══ Data to process

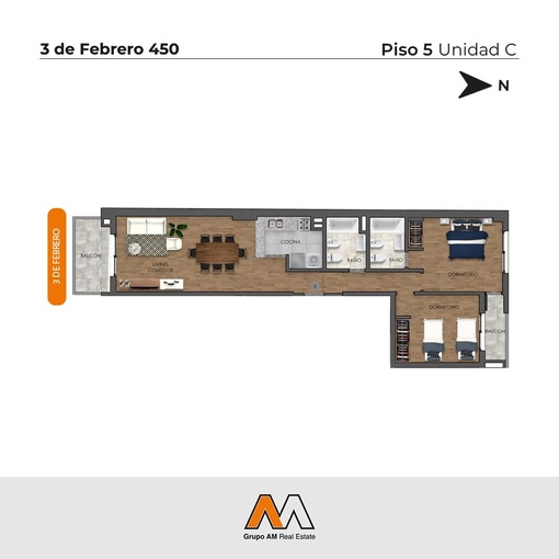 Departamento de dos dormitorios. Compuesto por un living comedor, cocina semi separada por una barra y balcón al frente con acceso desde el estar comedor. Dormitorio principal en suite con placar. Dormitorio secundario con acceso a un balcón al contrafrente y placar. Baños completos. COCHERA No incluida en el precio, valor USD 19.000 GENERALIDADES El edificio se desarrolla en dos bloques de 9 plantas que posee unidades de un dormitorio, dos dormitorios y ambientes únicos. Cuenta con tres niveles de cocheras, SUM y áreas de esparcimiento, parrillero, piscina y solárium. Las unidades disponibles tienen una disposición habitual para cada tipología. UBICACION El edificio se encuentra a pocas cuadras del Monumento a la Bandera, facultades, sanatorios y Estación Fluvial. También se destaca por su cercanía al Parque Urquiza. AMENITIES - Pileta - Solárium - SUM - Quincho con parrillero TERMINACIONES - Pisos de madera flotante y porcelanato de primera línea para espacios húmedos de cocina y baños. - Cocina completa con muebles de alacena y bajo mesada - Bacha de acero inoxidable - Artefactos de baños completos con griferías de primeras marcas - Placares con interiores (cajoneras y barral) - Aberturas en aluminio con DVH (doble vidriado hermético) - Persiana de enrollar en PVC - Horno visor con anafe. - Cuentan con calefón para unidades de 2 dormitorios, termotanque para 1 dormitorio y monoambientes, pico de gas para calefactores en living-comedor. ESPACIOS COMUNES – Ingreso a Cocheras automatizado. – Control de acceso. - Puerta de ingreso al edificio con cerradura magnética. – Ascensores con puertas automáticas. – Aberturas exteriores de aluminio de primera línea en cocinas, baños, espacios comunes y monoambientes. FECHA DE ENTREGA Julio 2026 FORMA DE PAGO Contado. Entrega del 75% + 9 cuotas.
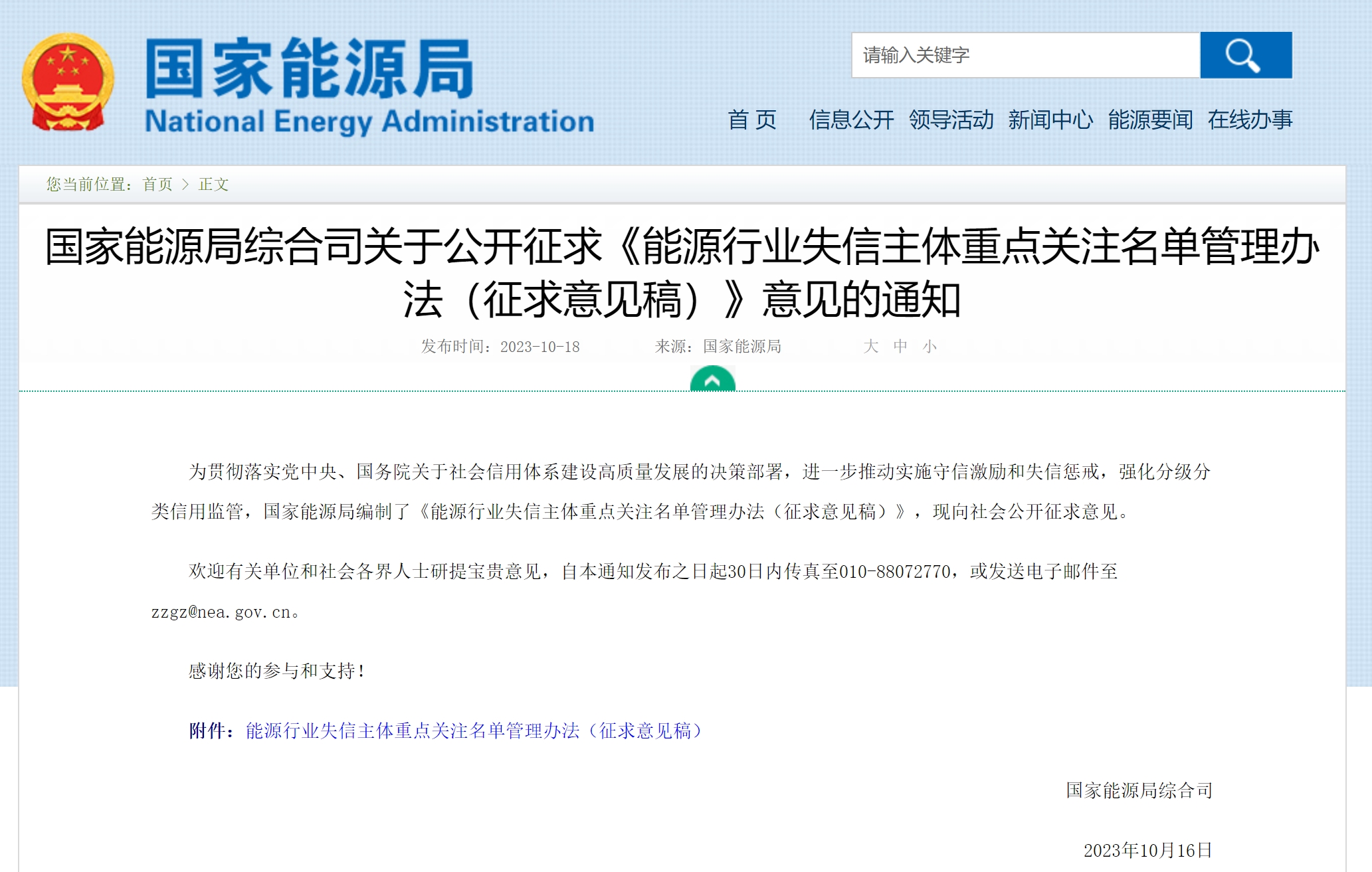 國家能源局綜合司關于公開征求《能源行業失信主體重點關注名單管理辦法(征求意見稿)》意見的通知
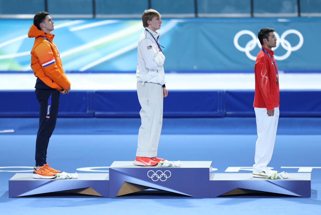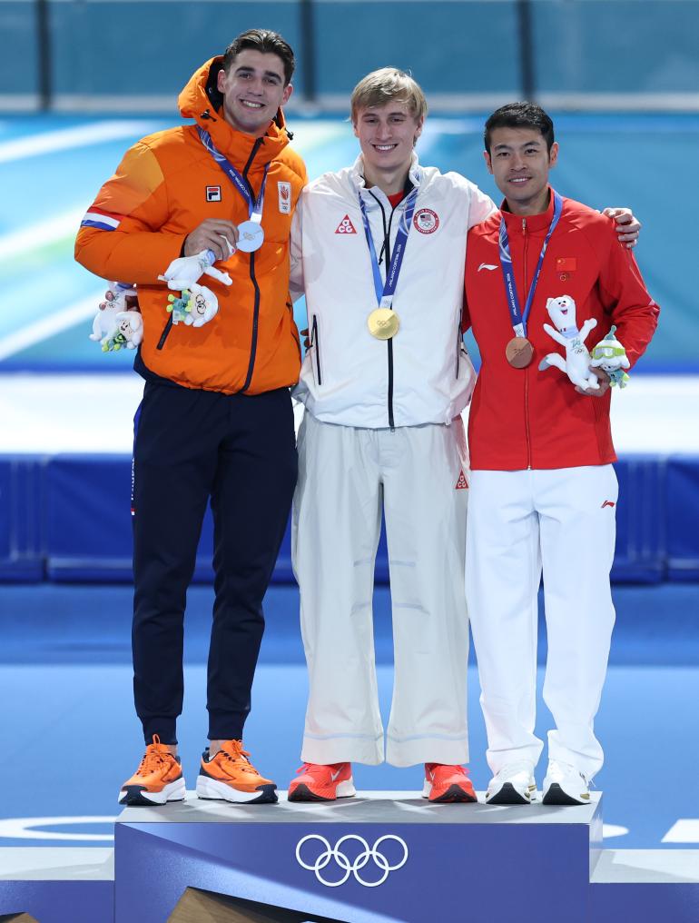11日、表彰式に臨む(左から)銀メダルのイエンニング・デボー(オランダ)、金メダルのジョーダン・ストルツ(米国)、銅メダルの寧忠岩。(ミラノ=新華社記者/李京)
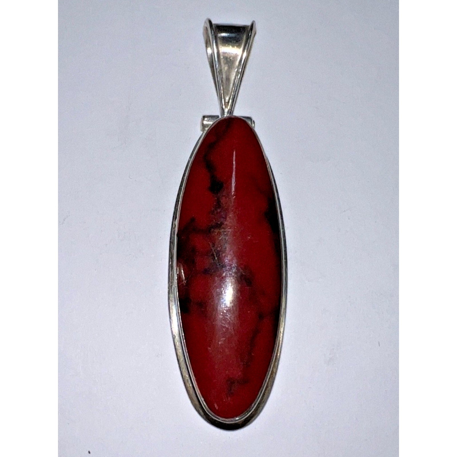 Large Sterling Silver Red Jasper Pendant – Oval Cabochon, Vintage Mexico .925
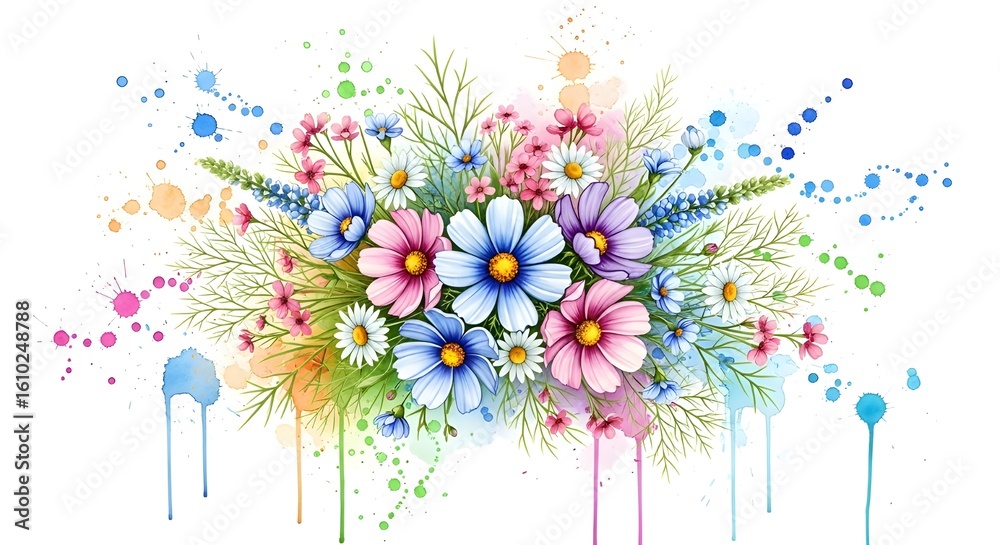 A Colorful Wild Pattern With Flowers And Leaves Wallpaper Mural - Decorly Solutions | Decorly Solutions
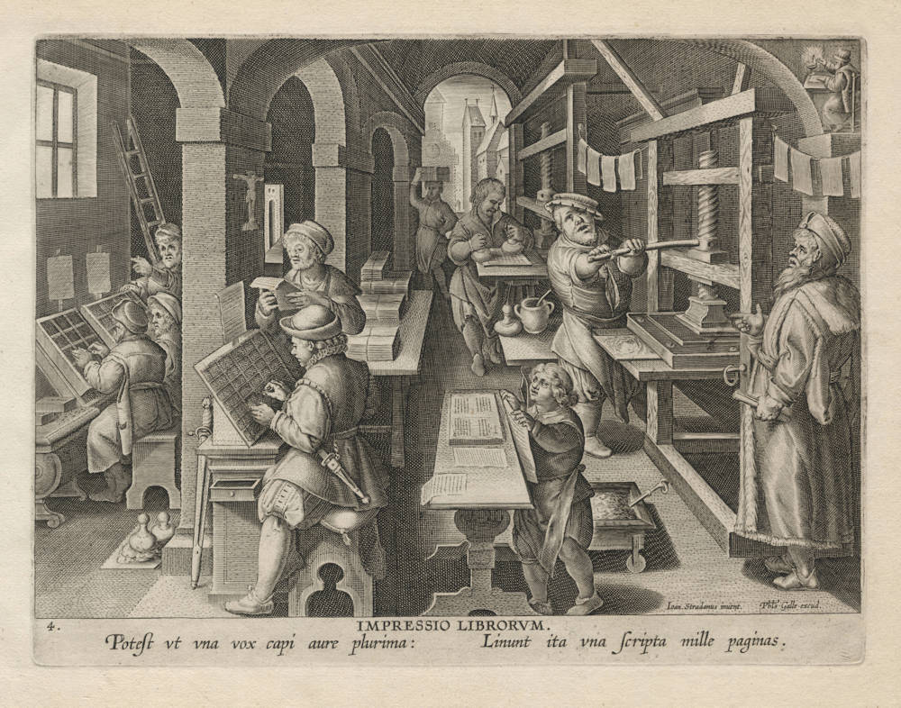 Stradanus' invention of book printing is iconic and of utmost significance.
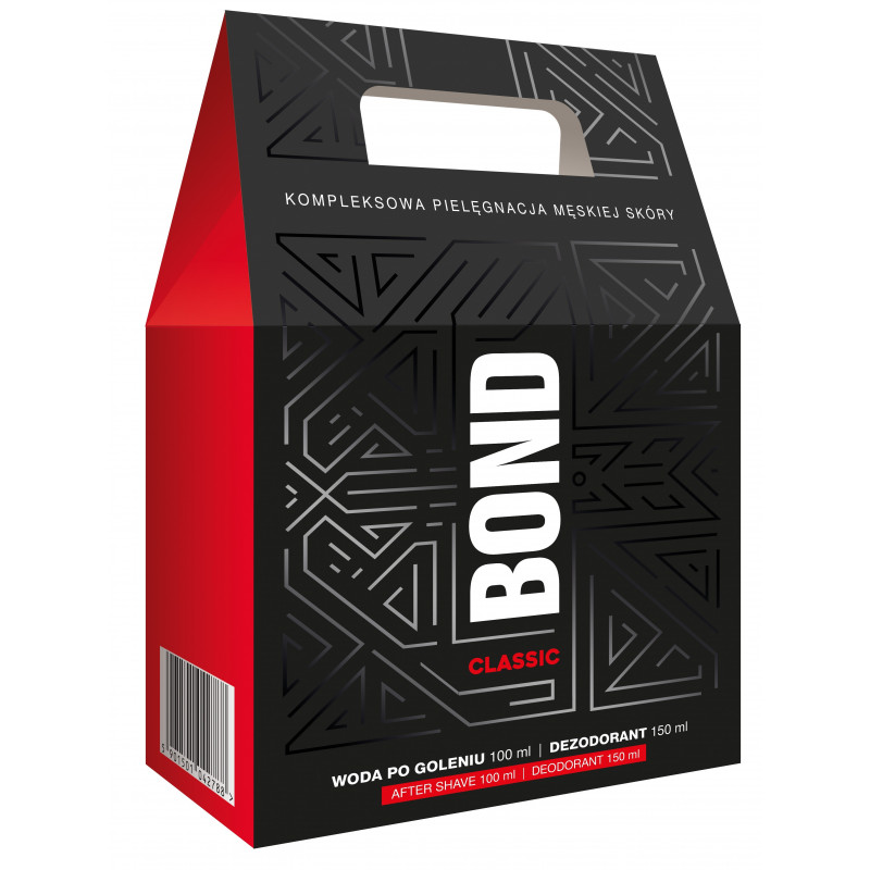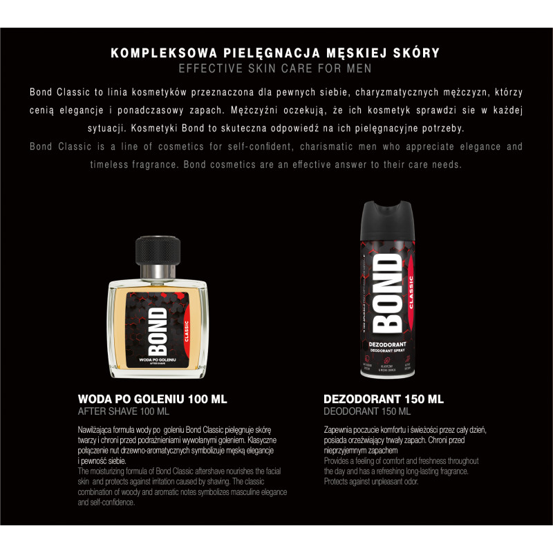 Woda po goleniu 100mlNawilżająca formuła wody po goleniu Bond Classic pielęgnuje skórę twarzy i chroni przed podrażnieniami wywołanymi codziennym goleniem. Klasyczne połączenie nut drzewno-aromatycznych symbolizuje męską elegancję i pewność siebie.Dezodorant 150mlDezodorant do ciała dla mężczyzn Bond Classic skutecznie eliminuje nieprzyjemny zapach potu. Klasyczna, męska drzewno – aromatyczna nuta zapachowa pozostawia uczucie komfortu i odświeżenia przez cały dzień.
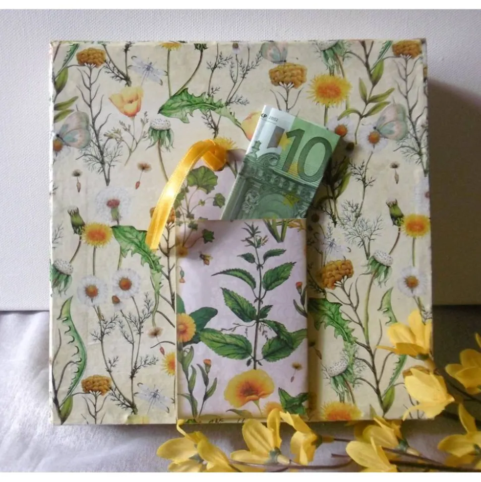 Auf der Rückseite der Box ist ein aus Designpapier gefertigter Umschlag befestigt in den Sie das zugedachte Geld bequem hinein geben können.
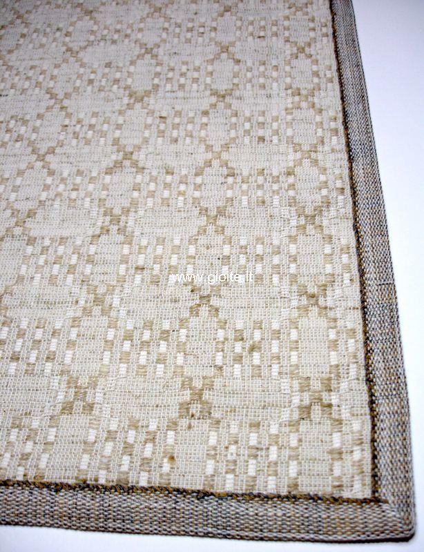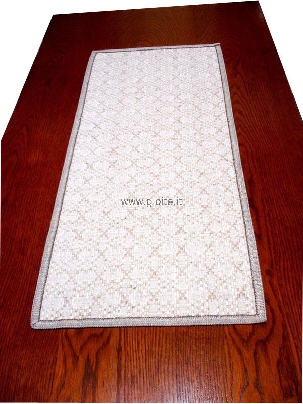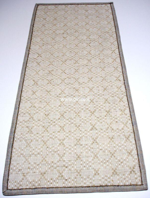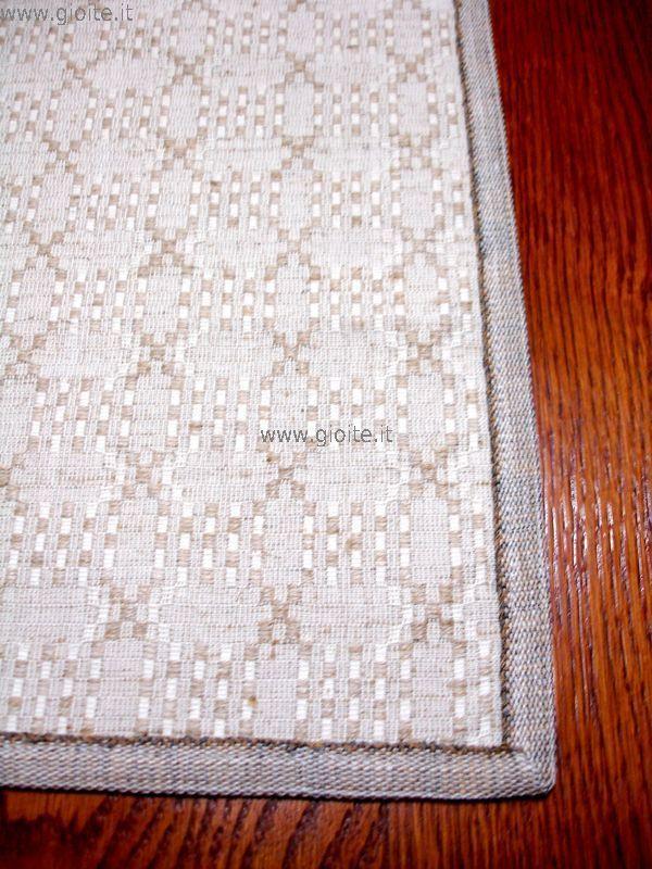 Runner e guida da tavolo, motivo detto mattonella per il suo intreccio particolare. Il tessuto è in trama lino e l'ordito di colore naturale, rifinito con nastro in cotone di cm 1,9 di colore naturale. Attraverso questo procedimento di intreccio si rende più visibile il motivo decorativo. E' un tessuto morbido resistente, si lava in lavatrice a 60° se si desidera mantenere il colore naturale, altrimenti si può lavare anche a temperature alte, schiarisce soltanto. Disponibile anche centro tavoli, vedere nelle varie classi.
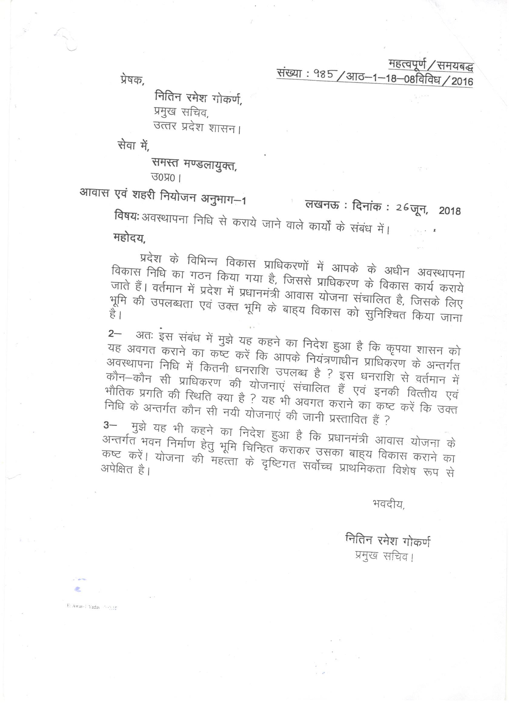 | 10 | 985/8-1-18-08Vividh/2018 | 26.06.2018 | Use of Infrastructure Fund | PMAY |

════

> [Work to complete] Restate the data word for word and exclude every picture.

> [Output of the task]
 Departamento de dos dormitorios. Compuesto por un living comedor, cocina semi separada por una barra y balcón al frente con acceso desde el estar comedor. Dormitorio principal en suite con placar. Dormitorio secundario con acceso a un balcón al contrafrente y placar. Baños completos. COCHERA No incluida en el precio, valor USD 19.000 GENERALIDADES El edificio se desarrolla en dos bloques de 9 plantas que posee unidades de un dormitorio, dos dormitorios y ambientes únicos. Cuenta con tres niveles de cocheras, SUM y áreas de esparcimiento, parrillero, piscina y solárium. Las unidades disponibles tienen una disposición habitual para cada tipología. UBICACION El edificio se encuentra a pocas cuadras del Monumento a la Bandera, facultades, sanatorios y Estación Fluvial. También se destaca por su cercanía al Parque Urquiza. AMENITIES - Pileta - Solárium - SUM - Quincho con parrillero TERMINACIONES - Pisos de madera flotante y porcelanato de primera línea para espacios húmedos de cocina y baños. - Cocina completa con muebles de alacena y bajo mesada - Bacha de acero inoxidable - Artefactos de baños completos con griferías de primeras marcas - Placares con interiores (cajoneras y barral) - Aberturas en aluminio con DVH (doble vidriado hermético) - Persiana de enrollar en PVC - Horno visor con anafe. - Cuentan con calefón para unidades de 2 dormitorios, termotanque para 1 dormitorio y monoambientes, pico de gas para calefactores en living-comedor. ESPACIOS COMUNES – Ingreso a Cocheras automatizado. – Control de acceso. - Puerta de ingreso al edificio con cerradura magnética. – Ascensores con puertas automáticas. – Aberturas exteriores de aluminio de primera línea en cocinas, baños, espacios comunes y monoambientes. FECHA DE ENTREGA Julio 2026 FORMA DE PAGO Contado. Entrega del 75% + 9 cuotas.
 國家能源局綜合司關于公開征求《能源行業失信主體重點關注名單管理辦法(征求意見稿)》意見的通知
11日、表彰式に臨む(左から)銀メダルのイエンニング・デボー(オランダ)、金メダルのジョーダン・ストルツ(米国)、銅メダルの寧忠岩。(ミラノ=新華社記者/李京)
 Large Sterling Silver Red Jasper Pendant – Oval Cabochon, Vintage Mexico .925
 A Colorful Wild Pattern With Flowers And Leaves Wallpaper Mural - Decorly Solutions | Decorly Solutions
 Stradanus' invention of book printing is iconic and of utmost significance.
 Woda po goleniu 100mlNawilżająca formuła wody po goleniu Bond Classic pielęgnuje skórę twarzy i chroni przed podrażnieniami wywołanymi codziennym goleniem. Klasyczne połączenie nut drzewno-aromatycznych symbolizuje męską elegancję i pewność siebie.Dezodorant 150mlDezodorant do ciała dla mężczyzn Bond Classic skutecznie eliminuje nieprzyjemny zapach potu. Klasyczna, męska drzewno – aromatyczna nuta zapachowa pozostawia uczucie komfortu i odświeżenia przez cały dzień.
 Auf der Rückseite der Box ist ein aus Designpapier gefertigter Umschlag befestigt in den Sie das zugedachte Geld bequem hinein geben können.
 Runner e guida da tavolo, motivo detto mattonella per il suo intreccio particolare. Il tessuto è in trama lino e l'ordito di colore naturale, rifinito con nastro in cotone di cm 1,9 di colore naturale. Attraverso questo procedimento di intreccio si rende più visibile il motivo decorativo. E' un tessuto morbido resistente, si lava in lavatrice a 60° se si desidera mantenere il colore naturale, altrimenti si può lavare anche a temperature alte, schiarisce soltanto. Disponibile anche centro tavoli, vedere nelle varie classi.
 | 10 | 985/8-1-18-08Vividh/2018 | 26.06.2018 | Use of Infrastructure Fund | PMAY |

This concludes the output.